I don't know too much about cars, so I'm looking for a bit of advice.

I just had all new brake pads and rotors installed on my 2000 Nissan Maxima GLE.

I've been driving on them for about 5 months now. They have well over 2,000 miles on them now. 

The brakes squal really bad, and if it was a consistent squeal I think the problem would be easier to solve but it's not. Sometimes the squeal won't stop no matter what pressure I have on the brakes and sometimes I can put enough pressure on the brakes so it doesn't squeal. Also if I'm sitting at a red light and I let my foot off the brake to coast up about 20 feet or so I can still here a slight squeal even with my foot off the brake!

Another thing to note is, when I first leave my house in the morning there isn't a squeal, but by the time I get half way to work (2-3 miles) then the squealing begins.
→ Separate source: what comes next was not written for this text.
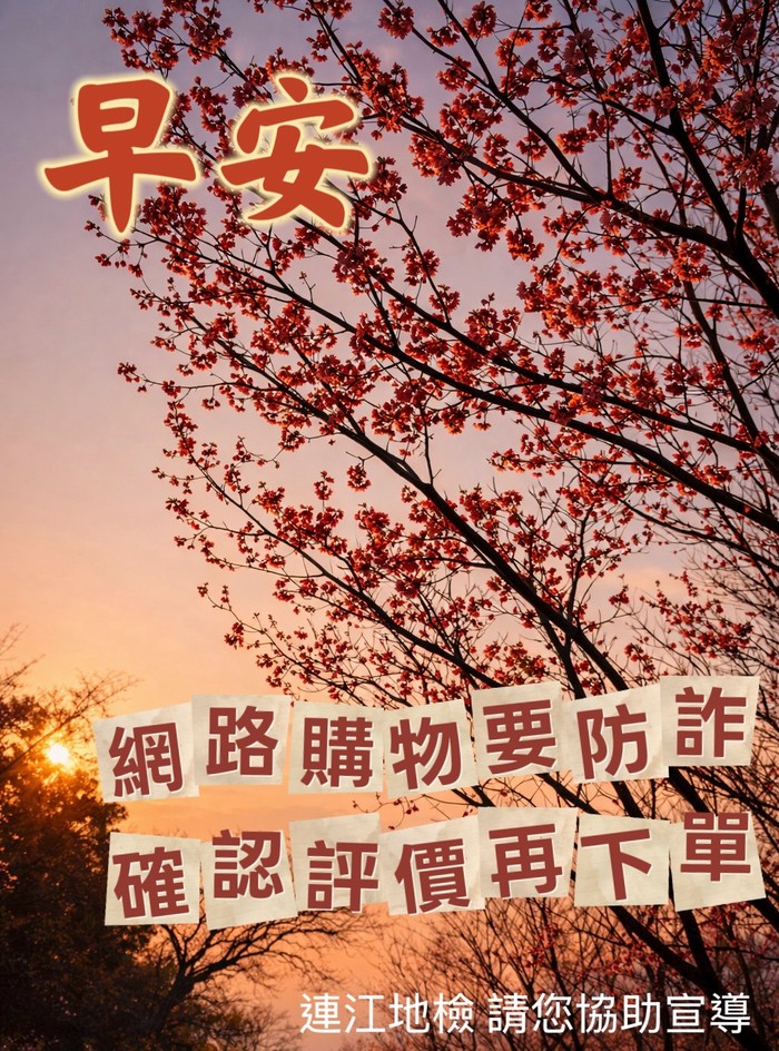 連江地檢向大家問早,網購不心急,查評價防詐騙!
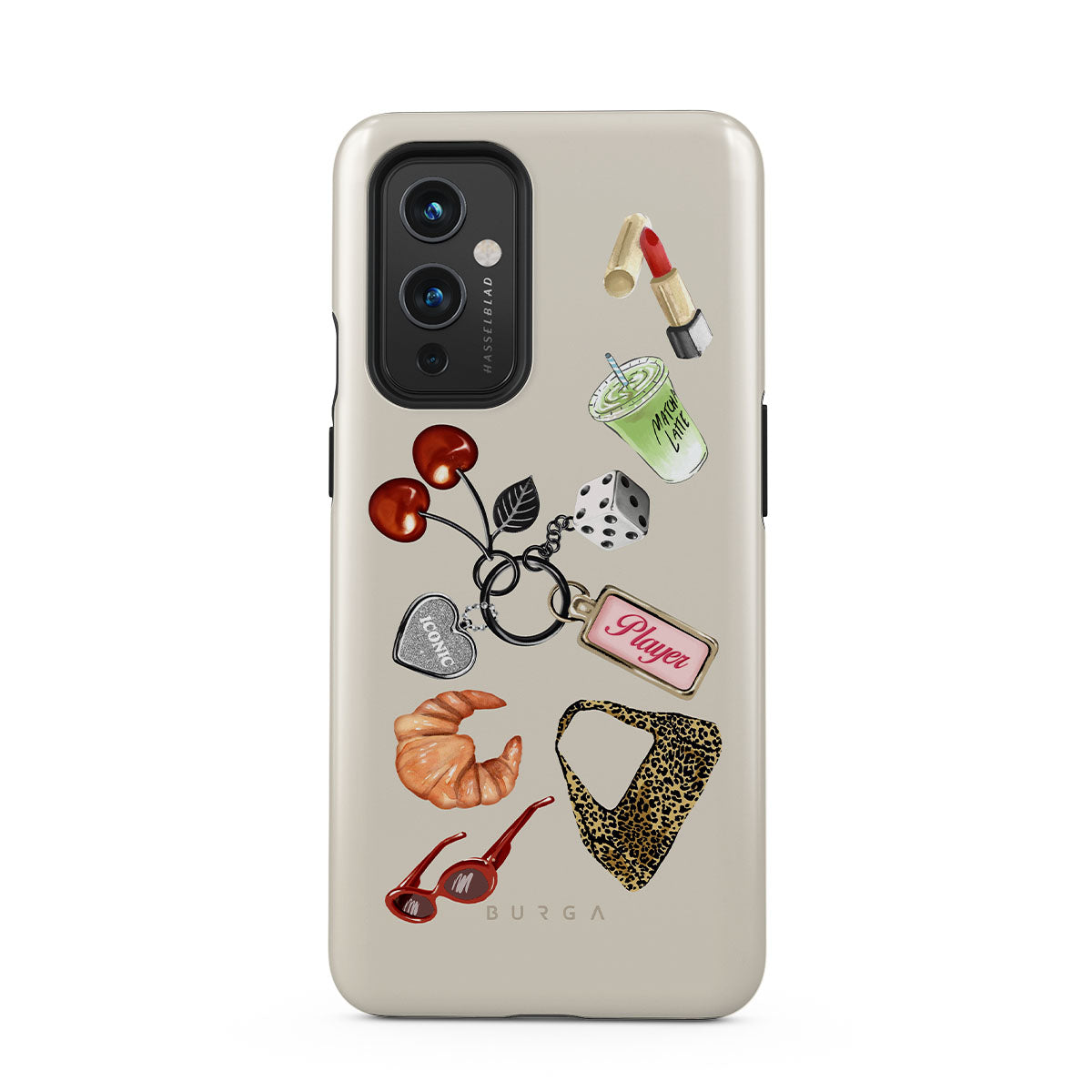 Kenmerken van dit design: rode zonnebril, rode lippenstift, groene matcha-drank, croissant, zwarte dobbelstenen, luipaardprint tas, sleutelhanger met zilveren hart, kersen, dobbelstenen en "Player"-tag.

My pads also have the "non squealing" plates on them already, and my dad tried using some of that squealing goop on the pads and that didn't do a thing.

Please help!


----------



## rogoman (Dec 16, 2004)

Here's several possibilities of brake squeal:

Heat cracked or worn "un-true" rotors.
Rough finish on resurfaced rotors.
Loose fitting brake pads in the caliper.
Lack of silicone compound on back of brake pad.
Missing springs or anti-rattle clips that should be on the caliper or pad.
Improper tightening sequence of lug nuts or caliper hardware.
------------------------------------------------------------------
Many aftermarket brake pads have a tendency to cause squealing. Nissan OEM pads generally are quiet.


----------



## Paul79UF (Jan 23, 2003)

Hmmm, I was going to recommend the "goo".

I've used CRC disc brake quiet gel in the past with good results.

If your car is a 2000, you might need to replace the rotors and pads at the same time.

How many miles on the car?


----------



## qx4'n (Jun 4, 2003)

I bet they are ceramic pads or semi metallics. If so, they've been know to do this in some applications. I can imagine the sound being annoying but you should not have much to worry about if there is no wobbling/vibrating in your front-end and it stops fine.


----------